В мае 1732 года появилось новое «подметное письмо» с обвинениями в адрес не только Феофана, но и венценосных особ: Петру I ставились в вину народные «тягости» и увлечение «немцами», а Анне Иоанновне – продолжение его политики, в том числе разрешение браков православных с иноземцами и возвышение «господ немец», которые «всем государством завладели». Неизвестный автор сожалел: российская церковь утесняется еретиками, отложены посты и введен табак, архиереи в гонении, народ разоряется непосильными сборами; всё это, по его мнению, приведет к тому, что гнев Божий обрушится на государыню, а страну ожидают «глад» и «недород». Феофан же выставлялся «сущим римлянином», верным последователем папы, дававшего «наимилшому сыну нашему» указания, как еще больше ослабить православие и церковь в России и хвалившего Петра I за то, что царь «преклонен в немецкий закон».

Феофан не поленился тщательно исследовать текст «пасквиля» и на основании некоторых выражений заподозрил, что его написал иеромонах Иосиф Решилов из доверенных людей архиепископа Феофилакта. Он призвал к ответу переводчиков книги Рибейры и составил записку, в которой старался показать, что его противники выступают против праведно служащих России «немцев»: «Всех сплошь протестантов, из которых многое число честные особы и при дворе, и в воинском, и в гражданском чинах рангами высокими почтены служат, неправдою и неверностью помарал, из чего великопочтенным особам не малое учинил огорчение».

Новгородский архиерей показал себя мастером политической интриги – он стремился доказать, что его недоброжелатели выступают не против него лично, а против самой Российской империи, заодно с ее внешними противниками; ученый грек Евфимий Колетти был им обличен как «и внутренней факции член, и внешней». В сочинении Рибейры он усмотрел прежде всего «нарекание на Россию в том самом, в чем нарекает и подметная нынешняя тетрадка; а от того видеть мощно, что внешняя неких иностранных факция с внутреннею злодеев наших компаниею имеет согласие». Поэтому он старался связать данное следствие с делом «шпиона» – греческого монаха Серафима. Под политические «пункты» Феофан подводил и своего оппонента Родышевского: «Но чего я без ужаса видеть не мог, наполнено оное письмишко нестерпимых ругательств и лаев, на царствовавших в России блаженные и вечно достойные памяти вашего величества предков. Славные и благотворные их, государей, некие указы, уставы, узаконения явственно порочит и, яко богопротивные, отметает». Для придания большего веса своим обвинениям Прокопович пугал мнительную императрицу возможностью новых заговоров: «Письмо сие не ино что есть, только готовый и нарочитый факел к зажжению смуты, мятежа и бунта».

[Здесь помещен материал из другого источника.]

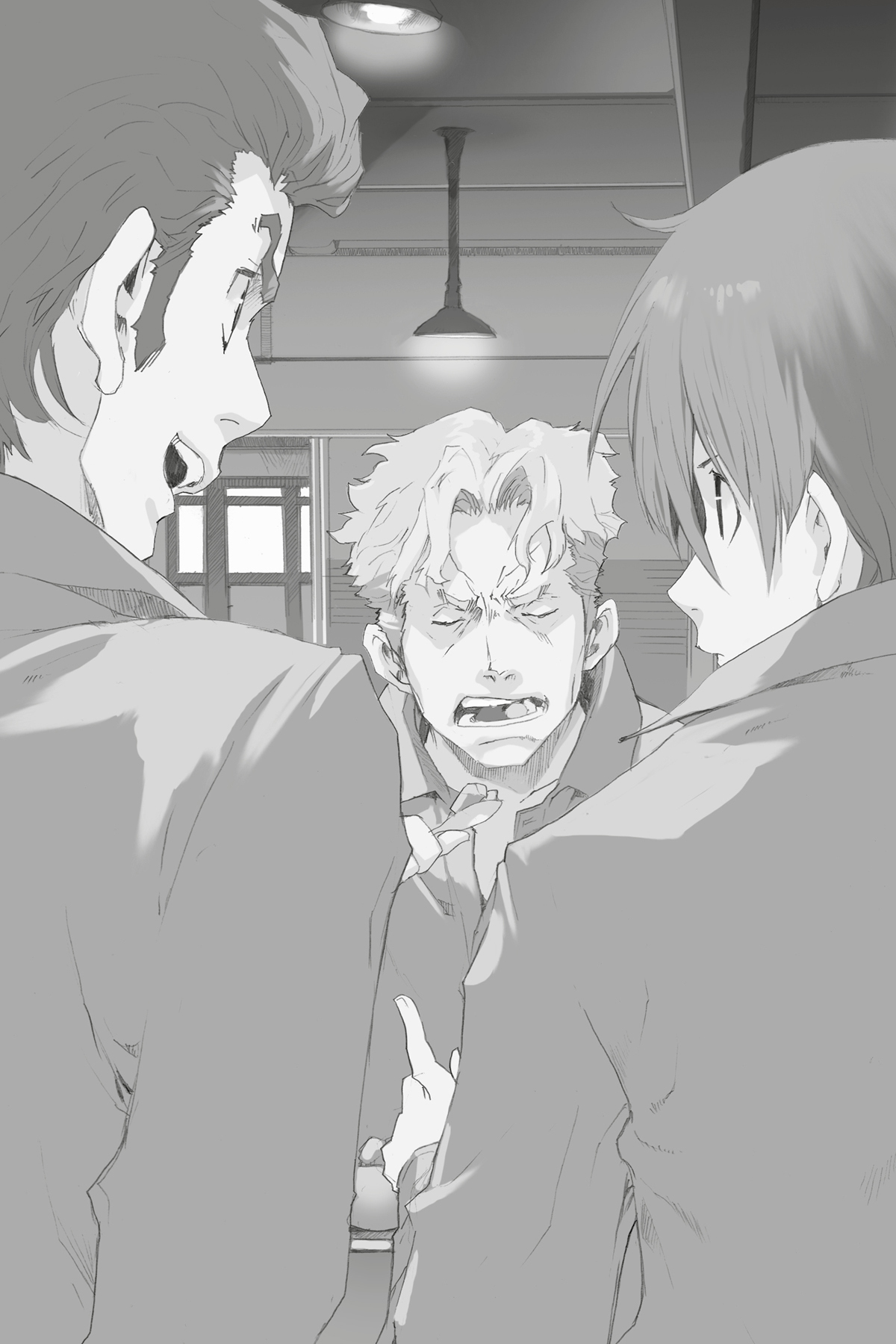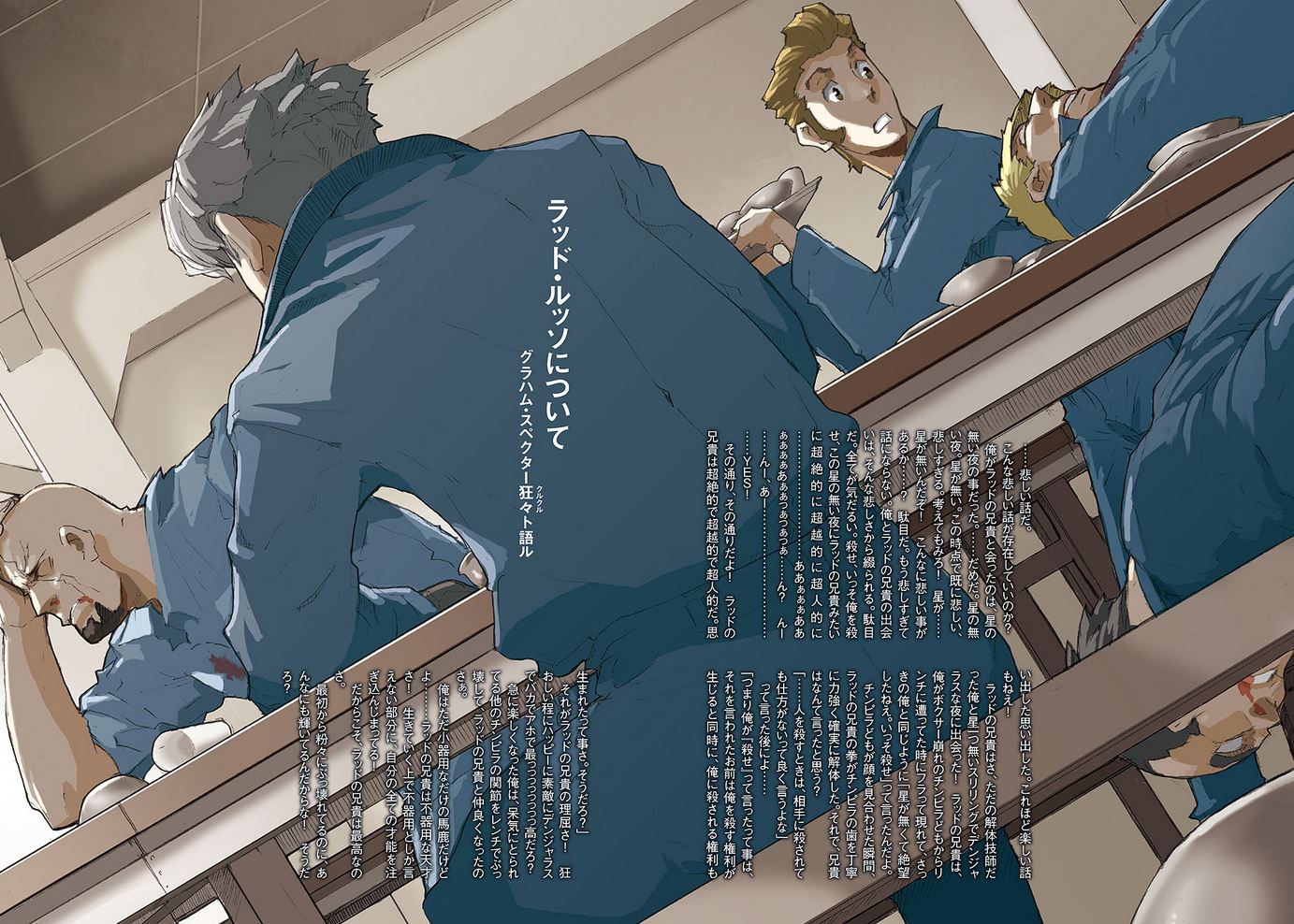 With the immediate threat absconded, Ladd catches up with Isaac; while he knew Isaac was friends with Firo, he never thought he would run into him when he came looking for Who. Isaac explains they only met Who yesterday, and Miria asks who Ladd is. Ladd realizes she must be the Miria Isaac told him so much about, and the three of them fall into amicable conversation. Lebreau tells Who that he will check on the patients and the back door in the meantime, as he does not want to be a fifth wheel to their reunion. Who warns him to be careful, and Lebreau glibly replies that he will "scream as loud as [he] can" should he see the men before disappearing down the hallway.

Тайная канцелярия не могла не вмешаться в богословскую дискуссию с подобным политическим подтекстом, тем более что к тому времени следователи выяснили, что с «тетрадей» Осипа были переписаны десятки копий нищими из московской богадельни. Затихшее было следствие возобновилось, вызвав волну арестов; у схваченных допытывались, «не для возмущения ль какого» они «раздавали» тетради.

Сосланного к тому времени в Кирилло-Белозерский монастырь Родышевского в декабре 1732 года вернули по высочайшему повелению для нового дознания. В мае был арестован директор Московской синодальной типографии Алексей Кириллович Барсов, обвиненный в том, что читал принадлежавшие «ростриге Осипу» две рукописные тетради «о поношении» Феофана Прокоповича, поддерживал связи с Маркеллом Родышевским и давал своим ученикам «сумнительные сочинения»: «Повесть о юноше, называемом Премудром, а в нем жил бес», «Повесть о спасительной иконе, бывшей у царя Мануила», «Тетратку о деянии, бывшем в Константинополи от четырех патриархов, о поставлении Московского патриарха, которое показует, что бутто бы в Москве бысть без патриарха».

В застенок попали придворные служители, монахи Троице-Сергиева монастыря и лишенные места в Синоде архимандриты Евфимий и Платон. Во время их содержания в крепости «кабинетные министры и генерал Ушаков приказали: содержащегося в Тайной канцелярии бывшего Чудова монастыря архимандрита Евфимия Колетти по касающемуся до него в Тайной канцелярии некоему важному делу священства и монашества лишить, и Тайная канцелярия просила прислать для этого духовную персону». Евфимий даже был доставлен в «кабинетские покои», где министры вместе с Ушаковым допрашивали его, с кем из иностранцев он знался через испанского посла де Лириа.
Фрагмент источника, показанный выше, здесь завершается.